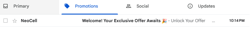 74% of new subscribers expect a welcome email the moment they sign up. NeoCell arrives 11 minutes late, in the wrong tab, with a subject line that reads like a promo blast rather than a personal welcome.
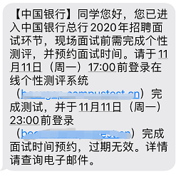 2020年中國銀行總行校園招聘個性測評及預約面試時間公告
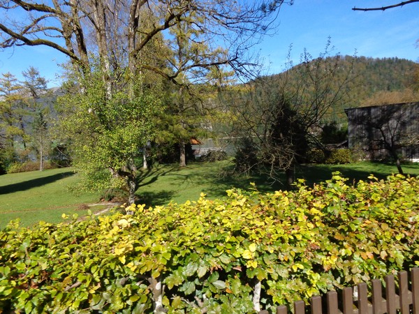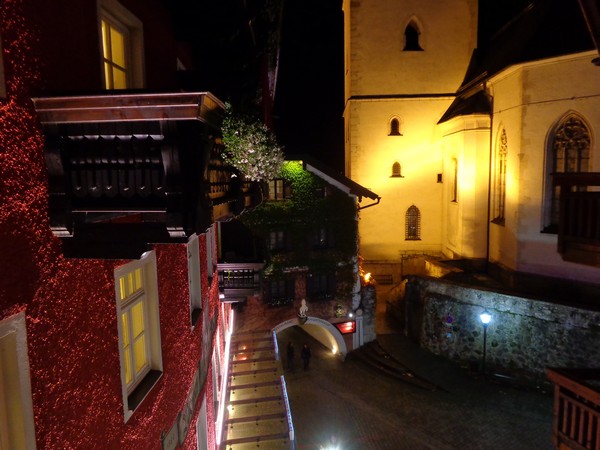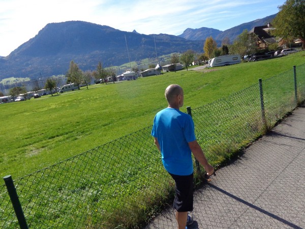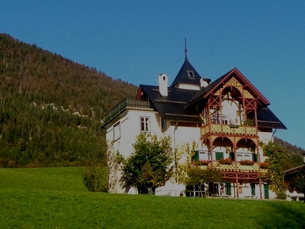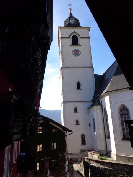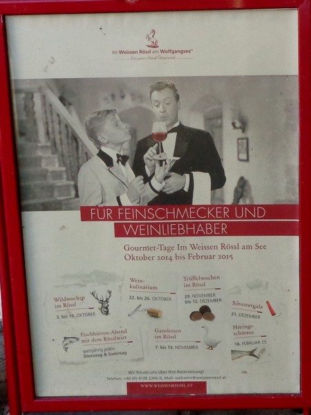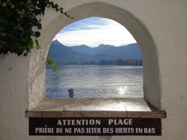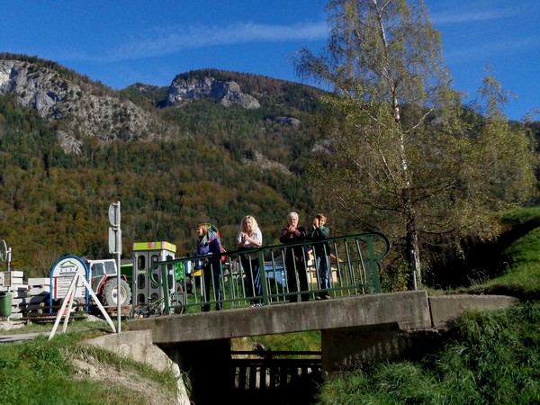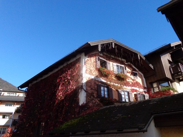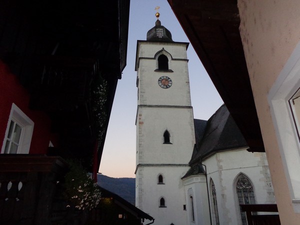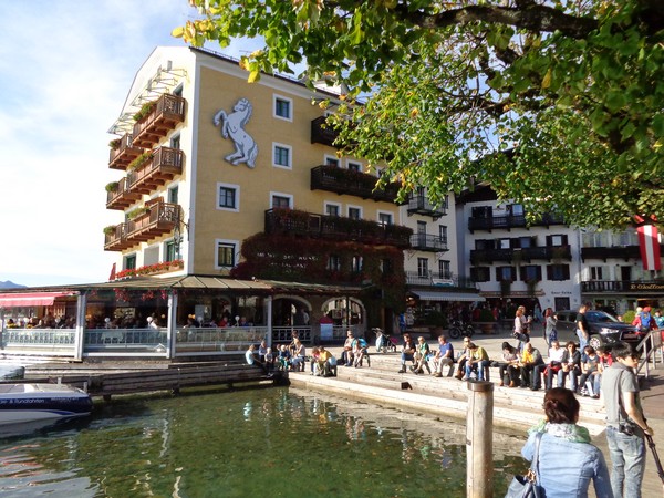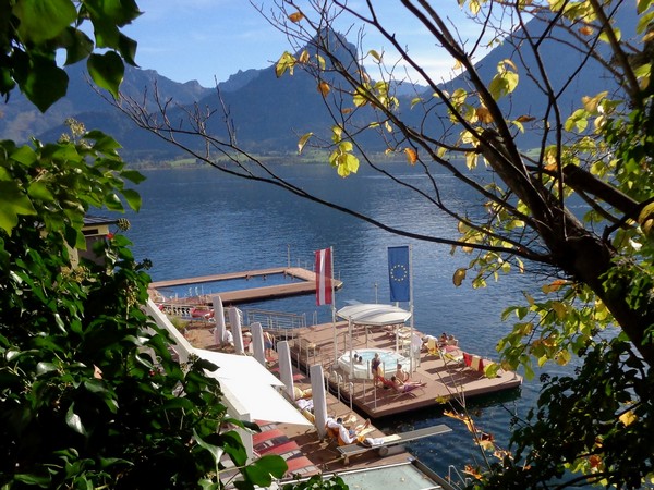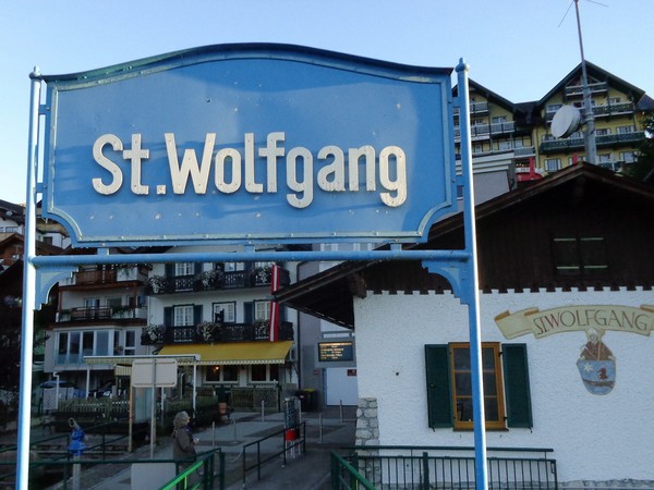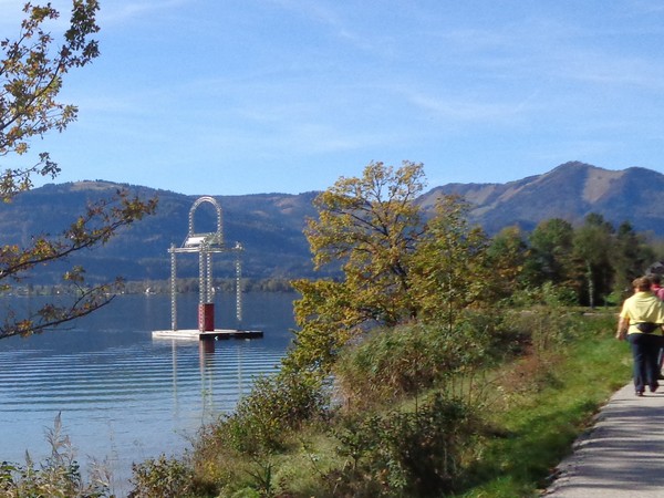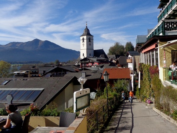 Uns erschließt sich nun der Blick auf den Falkenstein, wo wir vorhin rüber sind, überragt vom Schafberg. Dieses Bergmassiv wird nun schön ausgeleuchtet. Unübersehbar der Felsabbruch, der im Sommer für das 27m-Cliff-Diving verwendet wird. Rechts das Zwölferhorn, mit der Seilbahn ist man im Nu im Hochgebirge. Wir aber bleiben am See, nun 3km an der Bundesstraße entlang auf einem Radweg, ein paar Höhenmeter sind da schon versteckt, aber nichts Steiles mehr.
------------------------
* _Exercise directions_: Give back the material above exactly, without pictures.

* _Problem solution_:
 74% of new subscribers expect a welcome email the moment they sign up. NeoCell arrives 11 minutes late, in the wrong tab, with a subject line that reads like a promo blast rather than a personal welcome.
 2020年中國銀行總行校園招聘個性測評及預約面試時間公告
 Uns erschließt sich nun der Blick auf den Falkenstein, wo wir vorhin rüber sind, überragt vom Schafberg. Dieses Bergmassiv wird nun schön ausgeleuchtet. Unübersehbar der Felsabbruch, der im Sommer für das 27m-Cliff-Diving verwendet wird. Rechts das Zwölferhorn, mit der Seilbahn ist man im Nu im Hochgebirge. Wir aber bleiben am See, nun 3km an der Bundesstraße entlang auf einem Radweg, ein paar Höhenmeter sind da schon versteckt, aber nichts Steiles mehr.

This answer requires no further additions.